LOSER: Bryson DeChambeau’s mojo.

You could see the air come out of DeChambeau’s tires as the match went from “Advantage, Koepka” to watching his nemesis close out a blowout victory. That’s the beauty of sports: When you lose, there’s nothing you can say that will redeem the moment. DeChambeau recognized that — “He beat me. I can’t say s—,” he said afterwards — but it still clearly stung. Years of back-and-forth led to this match, which is a risky proposition. Anything can happen over 12 holes! And anything did happen. DeChambeau lost five holes, he tied four holes and he won zero holes. Not how he envisioned things going.

That "I can't say s***  is the only silver lining, I'm just not sure of the relevant statute of limitations.

But you'd be forgiven for thinking there's must bea hostage involved for this 'graph to have been written:

WINNER: The Match, still.

Here’s the thing about The Match: It’s imperfect. The pacing can be awkward, sometimes it’s cringeworthy, the matches aren’t always close, the player back-and-forth doesn’t always work and on a basic level it’s tricky to only have two players on the course and base an entire show around it. But despite all of that, it’s entertaining as hell. Even the bad parts are good TV. I found myself glued to the broadcast, not wanting to miss the best exchange or game-changing shot. If they keep coming up with compelling matchups, I’ll keep watching every shot. The Match is a big-time winner, even when it doesn’t seem like it should be.

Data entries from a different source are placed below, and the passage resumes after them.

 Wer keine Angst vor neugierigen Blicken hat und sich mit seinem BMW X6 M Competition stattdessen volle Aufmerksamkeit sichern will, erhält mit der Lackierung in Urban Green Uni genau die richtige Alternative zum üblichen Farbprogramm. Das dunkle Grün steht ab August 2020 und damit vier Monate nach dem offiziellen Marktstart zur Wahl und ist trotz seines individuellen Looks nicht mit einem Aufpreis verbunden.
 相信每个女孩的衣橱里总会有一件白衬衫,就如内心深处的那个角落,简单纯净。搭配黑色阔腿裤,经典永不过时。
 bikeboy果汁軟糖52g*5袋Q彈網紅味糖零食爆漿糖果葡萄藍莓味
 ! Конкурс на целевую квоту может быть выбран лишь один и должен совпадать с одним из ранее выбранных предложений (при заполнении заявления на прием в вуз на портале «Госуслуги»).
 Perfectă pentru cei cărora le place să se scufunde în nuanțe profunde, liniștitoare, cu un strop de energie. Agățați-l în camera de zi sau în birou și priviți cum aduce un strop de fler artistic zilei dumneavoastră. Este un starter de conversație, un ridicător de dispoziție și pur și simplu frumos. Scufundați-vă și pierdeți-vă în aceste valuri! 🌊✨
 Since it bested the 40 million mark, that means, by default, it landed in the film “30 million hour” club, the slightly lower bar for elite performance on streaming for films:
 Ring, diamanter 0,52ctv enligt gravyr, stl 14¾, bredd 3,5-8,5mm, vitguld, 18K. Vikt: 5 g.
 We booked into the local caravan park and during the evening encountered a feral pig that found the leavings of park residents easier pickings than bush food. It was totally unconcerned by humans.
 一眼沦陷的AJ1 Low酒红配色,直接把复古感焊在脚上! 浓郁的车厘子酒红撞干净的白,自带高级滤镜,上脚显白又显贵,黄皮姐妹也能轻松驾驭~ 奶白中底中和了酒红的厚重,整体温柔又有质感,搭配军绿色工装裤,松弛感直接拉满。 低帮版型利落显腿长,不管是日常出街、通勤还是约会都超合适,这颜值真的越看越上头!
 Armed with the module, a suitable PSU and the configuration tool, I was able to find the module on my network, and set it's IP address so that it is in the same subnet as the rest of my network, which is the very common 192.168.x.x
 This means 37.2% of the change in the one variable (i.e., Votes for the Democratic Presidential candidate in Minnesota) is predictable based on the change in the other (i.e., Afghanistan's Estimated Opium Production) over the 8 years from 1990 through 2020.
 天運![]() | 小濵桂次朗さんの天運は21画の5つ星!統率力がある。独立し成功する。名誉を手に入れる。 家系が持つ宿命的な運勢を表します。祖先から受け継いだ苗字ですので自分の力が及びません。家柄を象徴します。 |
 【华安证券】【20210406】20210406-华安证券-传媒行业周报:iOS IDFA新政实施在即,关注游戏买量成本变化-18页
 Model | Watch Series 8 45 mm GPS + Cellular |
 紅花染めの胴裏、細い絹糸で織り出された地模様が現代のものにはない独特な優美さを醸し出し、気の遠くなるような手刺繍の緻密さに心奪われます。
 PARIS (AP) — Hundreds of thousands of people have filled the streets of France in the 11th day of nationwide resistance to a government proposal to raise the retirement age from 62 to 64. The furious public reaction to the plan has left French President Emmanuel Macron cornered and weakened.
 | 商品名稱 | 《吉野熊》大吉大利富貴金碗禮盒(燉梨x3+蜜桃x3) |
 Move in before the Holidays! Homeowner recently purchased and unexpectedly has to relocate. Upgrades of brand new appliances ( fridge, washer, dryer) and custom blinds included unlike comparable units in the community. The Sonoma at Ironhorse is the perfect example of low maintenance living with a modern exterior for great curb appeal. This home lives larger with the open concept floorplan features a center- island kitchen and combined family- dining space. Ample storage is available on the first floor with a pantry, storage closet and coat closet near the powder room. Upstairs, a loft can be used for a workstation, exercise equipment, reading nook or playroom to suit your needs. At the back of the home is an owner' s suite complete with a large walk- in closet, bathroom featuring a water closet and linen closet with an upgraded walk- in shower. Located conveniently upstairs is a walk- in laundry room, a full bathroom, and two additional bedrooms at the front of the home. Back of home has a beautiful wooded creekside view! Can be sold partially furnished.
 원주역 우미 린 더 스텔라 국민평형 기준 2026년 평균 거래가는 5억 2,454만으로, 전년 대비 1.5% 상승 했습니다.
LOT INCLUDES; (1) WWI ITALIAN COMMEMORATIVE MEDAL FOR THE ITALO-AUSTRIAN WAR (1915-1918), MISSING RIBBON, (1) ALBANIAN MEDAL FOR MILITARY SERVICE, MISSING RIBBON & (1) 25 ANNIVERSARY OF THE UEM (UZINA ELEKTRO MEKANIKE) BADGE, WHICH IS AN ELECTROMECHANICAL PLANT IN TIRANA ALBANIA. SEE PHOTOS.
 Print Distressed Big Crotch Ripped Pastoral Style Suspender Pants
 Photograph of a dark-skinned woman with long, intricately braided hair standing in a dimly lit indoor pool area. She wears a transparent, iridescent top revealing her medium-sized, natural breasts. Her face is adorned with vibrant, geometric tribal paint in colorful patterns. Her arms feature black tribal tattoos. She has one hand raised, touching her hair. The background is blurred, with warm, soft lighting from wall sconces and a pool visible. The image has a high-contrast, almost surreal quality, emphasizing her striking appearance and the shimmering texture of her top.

Compelling match-ups, you say?  So you're arguing for Sir Charles and Peyton to be included in future iterations?

Dylan also includes an ode to Phil's predictive abilities which seems, well, strange, considering that Lefty picked Bryson who won exactly <checking notes>, zero holes.

If you think that Dylan's piece should have come with a "Paid Content" warning label, get a load of this howler:

It was quite the laugh riot with bits such as this:

‘So, are we done?’

Kind of. That’s the question Barkley asked after DeChambeau conceded Koepka’s putt on the
9th, giving Brooks a 5-and-3 win with a couple of challenges, three holes and about an hour of air time remaining.

“So are we done?” Barkley asked as the players walked off the 9th green. “Oh, I was getting ready to tell them to crank up the plane so I can get to the Iron Bowl. I was gonna get out of here early y’all!”

Turns out Barkley had to stay as the players played on and raised lots of money for charity, but we’re guessing Sir Charles got to the Iron Bowl just fine.

Nothing says laugh riot like your announcer heading for the exit... I know this was a laughfest because all the right people say so.... the only nagging doubt is that I don't actually remember laughing.  Mostly what I remember is the four of them talking over each other, which worked the same way my noise cancelling Air Pods do...

2. The fifth edition of The Match was played on the day after Thanksgiving, with Brooks Koepka defeating Bryson DeChambeau, 5 and 3, in the 12-hole event (and announcers Phil Mickelson and Charles Barkley delivering numerous memorable one-liners). What’s one thing this match taught you about each of its two protagonists?

Well, I'd say it was more confirmatory than teachable...

Zak: It was a reminder via the smallest sample size that Bryson’s putting hasn’t been that elite in 2021, as it was in 2020. He missed some very makeable, nearly expected putts. It doesn’t matter,
but we might look back on it next year. As for Brooks, maybe we learned that he’d be a ruthless money game opponent? Idk. Didn’t feel like I learned much of anything about either.

Sens: Sorry, but I could have learned more from watching reruns of Schoolhouse Rock. Each guy played exactly to his reputation.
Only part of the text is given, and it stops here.